(Beginning of Supplied material)

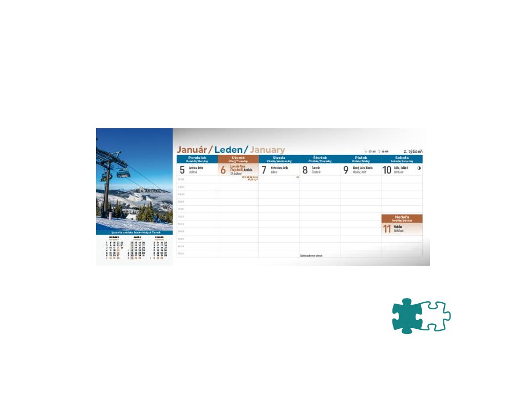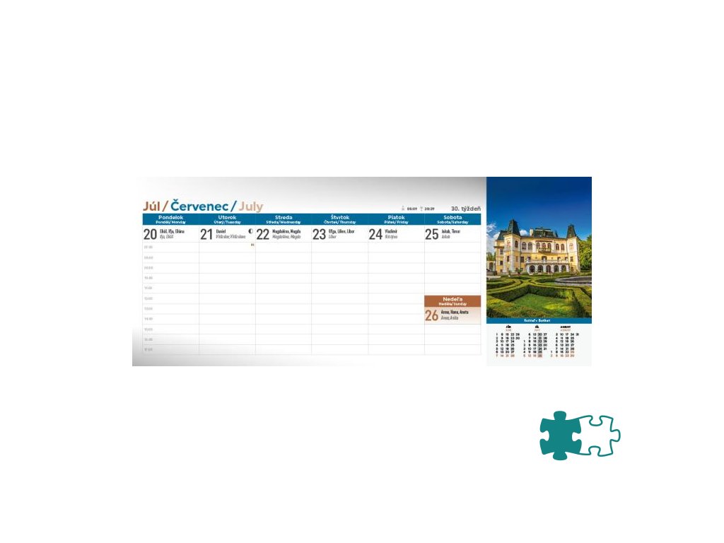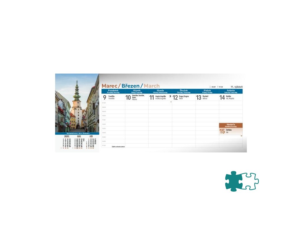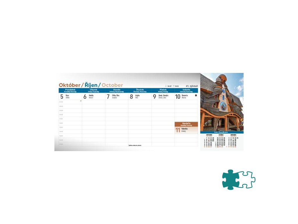Spoznajte krásy Slovenska prostredníctvom stolového kalendára Slovensko. Týždňový stĺpcový kalendár s hodinovým delením, daňovými pripomienkami, fázami Mesiaca, východmi a západmi Slnka, štátnymi sviatkami všetkých krajín EÚ, školskými prázdninami, slovenskými a českými menami (plus netradičné mená).Formát: 300 × 120 mm
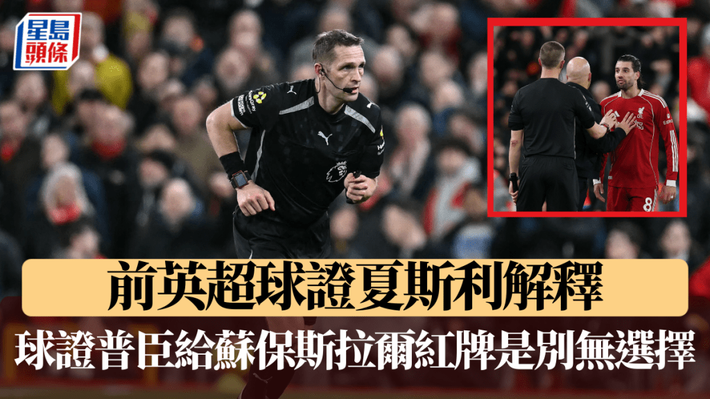 英超|前英超球證夏斯利解釋 球證普臣給蘇保斯拉爾紅牌是別無選擇
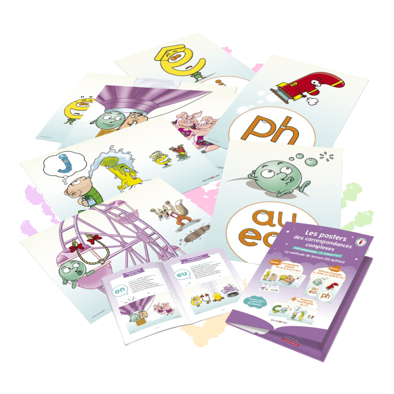 La pochette des posters des correspondances complexes Les Alphas – Nouvelle édition – contient 22 affiches pédagogiques au format A3. Elles couvrent l’ensemble des sons complexes ainsi que les consonnes contextuelles g, s et c, souvent délicates à maîtriser pour les jeunes lecteurs.
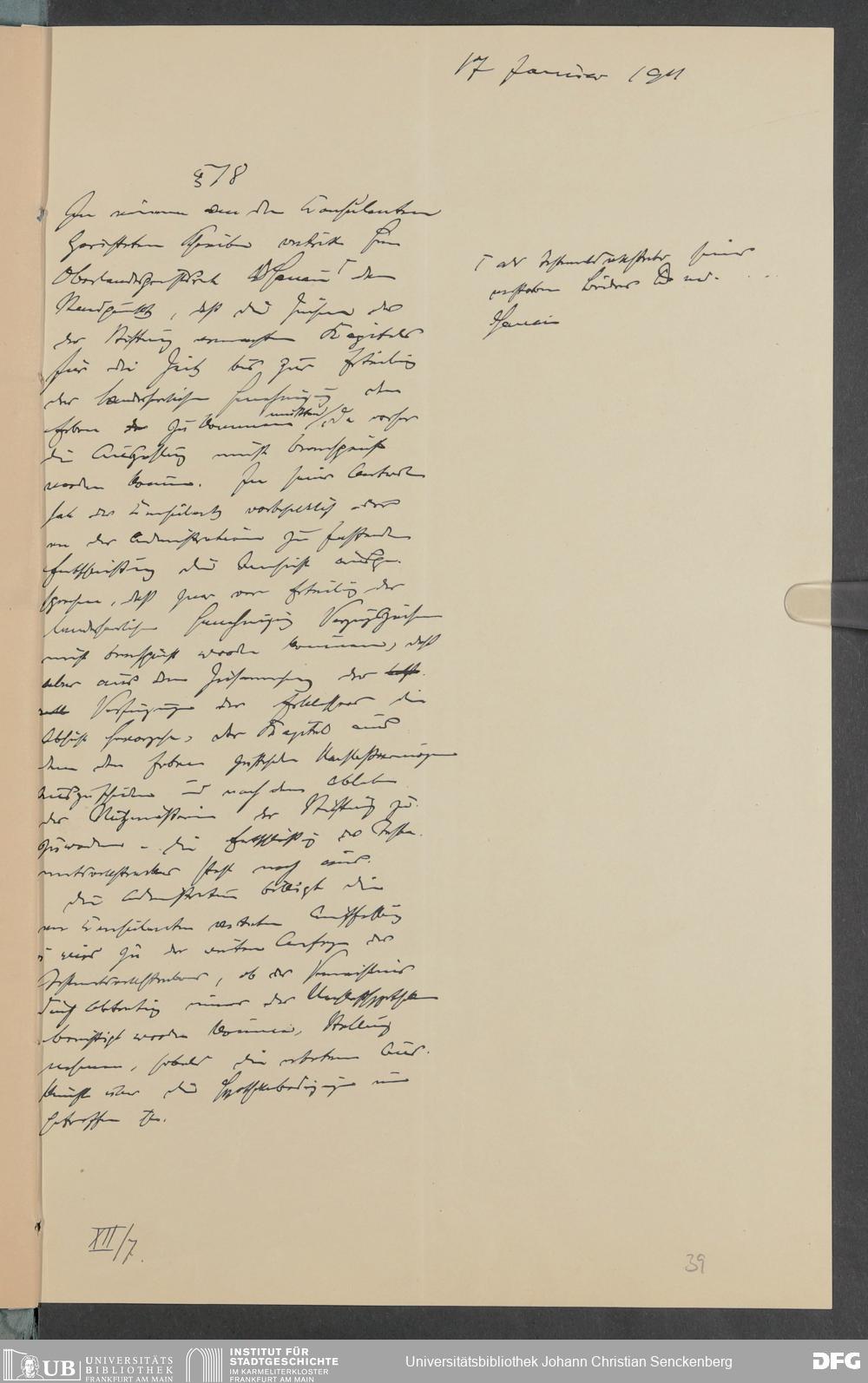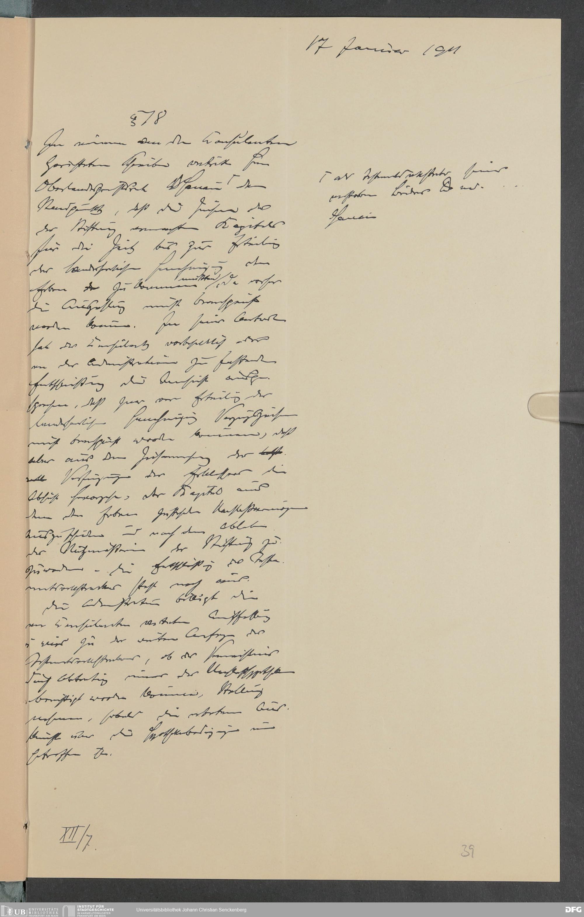 V48 Dr. Senckenbergische Stiftung, 378 - Vermächtnis von Dr. med. Arthur Hanau für das Senckenbergische Pathologische Institut

(End of Supplied material)

» Work task: Could you give the listing again exactly as it stands, minus any pictures?

» Response to the task:
Spoznajte krásy Slovenska prostredníctvom stolového kalendára Slovensko. Týždňový stĺpcový kalendár s hodinovým delením, daňovými pripomienkami, fázami Mesiaca, východmi a západmi Slnka, štátnymi sviatkami všetkých krajín EÚ, školskými prázdninami, slovenskými a českými menami (plus netradičné mená).Formát: 300 × 120 mm
 英超|前英超球證夏斯利解釋 球證普臣給蘇保斯拉爾紅牌是別無選擇
 La pochette des posters des correspondances complexes Les Alphas – Nouvelle édition – contient 22 affiches pédagogiques au format A3. Elles couvrent l’ensemble des sons complexes ainsi que les consonnes contextuelles g, s et c, souvent délicates à maîtriser pour les jeunes lecteurs.
 V48 Dr. Senckenbergische Stiftung, 378 - Vermächtnis von Dr. med. Arthur Hanau für das Senckenbergische Pathologische Institut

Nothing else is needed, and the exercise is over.